The table below sets forth the number of subscription rights offered under Subscription Right Plan 2020 and the total number of RSUs accepted by each member of the management board during the first six months of 2020:

 

 

 

 

 

 

 

Name

 

Title

 

Number of 2020 subscription rights offered

 

Number of 2020 RSUs accepted

Onno van de Stolpe

 

Chief Executive Officer

 

85,000

 

18,317

Piet Wigerinck

 

Chief Scientific Officer

 

40,000

 

12,080

Bart Filius

 

Chief Operating Officer; Chief Financial Officer

 

50,000

 

12,600

Andre Hoekema

 

Chief Business Officer

 

30,000

 

832

Walid Abi-Saab

 

Chief Medical Officer

 

40,000

 

12,080

Michele Manto

 

Chief Commercial Officer

 

30,000

 

5,920

 

We note that Dr.

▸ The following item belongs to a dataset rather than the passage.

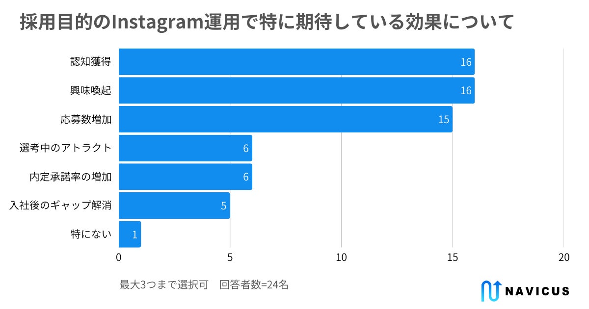 実施後のアンケートに回答した35名のうち、実際に採用目的のInstagram運用に取り組んでいる人は24名でした。その24名に「採用目的のInstagram運用で特に期待している効果」を最大3つの複数選択で聞いたところ、「認知獲得」「興味喚起」が16票(66.7%)で並び最も多くなりました。
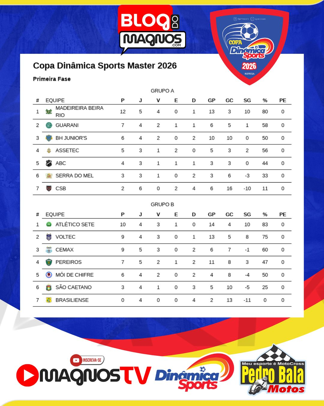 Os jogos deste sábado (25) da Copa Dinâmica Sports Master 2026 contaram com goleada do Pereiros e com a definição do primeiro time eliminado da competição.

Elisabeth Svanberg was appointed as an independent member of the supervisory board by the shareholders’ meeting on April 28, 2020. With the implementation of the new two-tier governance structure, the mandate of Mr. Onno van de Stolpe as member of the board of directors ended on April 28, 2020, as it is not possible to be a member of the supervisory board and the management board at the same time. Mr. Onno van de Stolpe continues his mandate as member and chairman of the management board and CEO.

 

During the first six months of 2020, there were no changes to related party transactions disclosed in the 2019 annual report that potentially had a material impact on the financials of the first six months of 2020.